Потом все медленно шли обратно по аллее, к воротам, и Мария Бенедиктовна, совершенно уже успокоившаяся, говорила своим резковатым, мало изменившимся с молодости голосом:
— Так вот и тает наш выпуск… Коля ушел… остались ты, да я, да кто еще?
— А Миша Тверской? — сказал Пал Палыч. — В прошлом сезоне Макбета сыграл.
— Ну — он далеко, в Москве… Ах, Коля тоже был бесподобный Макбет! Помнишь, в Астрахани, в двадцать девятом году?.. В наши свадебные гастроли!
— Ты путаешь, Маша, — возразил Пал Палыч. — После свадьбы мы играли в Саратове. А в Астрахани играли — это уже когда родился Вадим.
В другое время Мария Бенедиктовна, может, поспорила бы, но сейчас спорить показалось ей бестактным, и она просто вздохнула.
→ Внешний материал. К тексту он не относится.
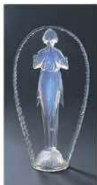
ルネ・ラリック 〈立像「音楽者」〉 1919年

観覧料 | 一般1200(1000)円 高大生700(500)円 中学生400(300)円 小学生以下無料(要保護者同伴)
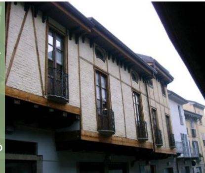
Cascina Casatenovo, LC
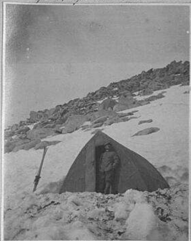
Sotto la Lobbia Alta - L'arrivo di un colpo a tempo molto alto
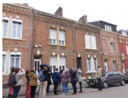
Session théorique et pratique « Recenser les nids d'hirondelles pour les préserver » (S.Dediercq)
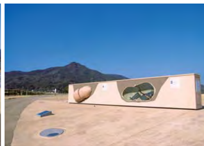
甕棺墓群「甕棺ロード」
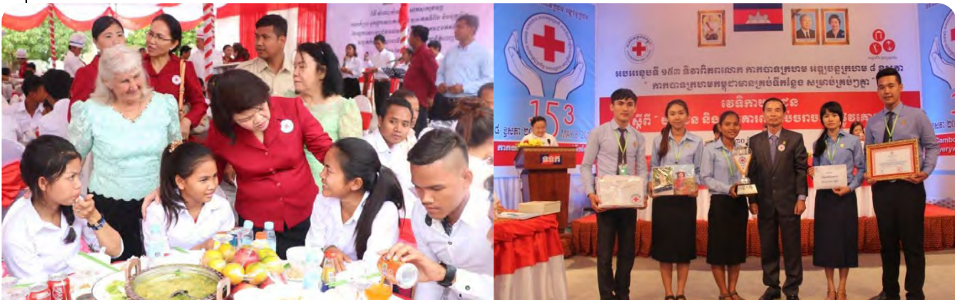
លោកជំទាវអនុប្រធាន កក្រក ចុះសួរសុខទុក្ខ និងរៀបចំអាហារជូន ចាស់ជរា កុមារ និងអ្នកមានជំងឺប្រចាំកាយ នៅមណ្ឌលសង្គ្រោះជនអស់ សង្ឃឹម និងយុវជនចូលរួមឆ្លើយសំណួរក្នុងវេទិកាពិភពលោកប្រយុទ្ធនឹងជំងឺអេដស៍ ១ធ្នូ

២. បានរៀបចំទិវាពិភពលោកប្រយុទ្ធនឹងជំងឺអេដស៍ ១ធ្នូ ឆ្នាំ២០១៦ នៅស្ថានីយ៍ទូរទស្សន៍ជាតិកម្ពុជា ក្រោមប្រធានបទ “យុវជនកម្ពុជាប្តេជ្ញា រួមចំណែកការពារមិនឱ្យឆ្លងអេដស៍” ឆ្លើយតបការងារឥស្សរជនឆ្លើយថ្នាក់ជាតិ នៃវេទិកាភាពជាអ្នកដឹកនាំតំបន់អាស៊ីប៉ាស៊ីហ្វិកឆ្លើយតបមេរោគអេដស៍ និងជំងឺអេដស៍នៅកម្ពុជា ដោយមានការ ចូលរួមពីថ្នាក់ដឹកនាំ មន្ត្រីកាកបាទក្រហមកម្ពុជា សាស្ត្រាចារ្យ និស្សិត យុវជន និងអ្នកស្ម័គ្រចិត្តកាកបាទក្រហម កម្ពុជាចំនួន ១៥០នាក់។
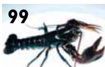
Hummer – respekteres nye regler?
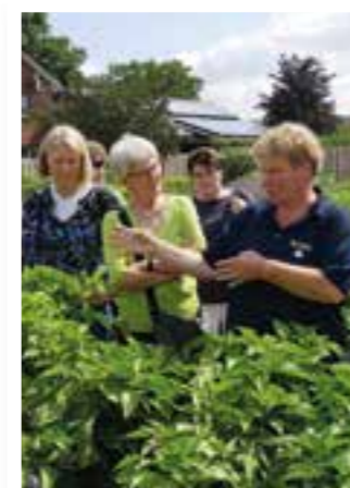
Seite 4 Obst- und Gartenbauverein

— Летит время. Вадим мне что-то давно не писал… Он опять уезжает — в свое Марокко?
— На сей раз — в Браззавиль, — сказал Пал Палыч.
— Это где ж такое? — удивилась Мария Бенедиктовна.
— Далеко, Маша. В Центральной Африке.
— Боже мой, и жарища, наверное, в этой Центральной Африке!
Они остановились у ворот, Марии Бенедиктовне нужно было направо, к похоронному автобусу, поджидавшему близких покойного, Пал Палычу — налево, к вокзалу.
— Вот привезет Вадим Катеньку, — сказала Мария Бенедиктовна, — милости прошу десятого к нам на премьеру! Мы ставим «Виндзорских насмешниц», чудесный режиссер. Из Тобольска!.. Только непременно — с Катенькой, я по ней очень соскучилась.
— Непременно, — ответил Пал Палыч, хотя знал, что ни внучка Катенька, ни сын Вадим, ни он сам уже давно не были для жены главным в ее жизни. Поселившись в Доме ветеранов, Мария Бенедиктовна прочно, самоотреченно и фанатично зажила его делами и заботами. Но так ей было лучше, а раз лучше — значит необходимо, и Пал Палыч это понимал.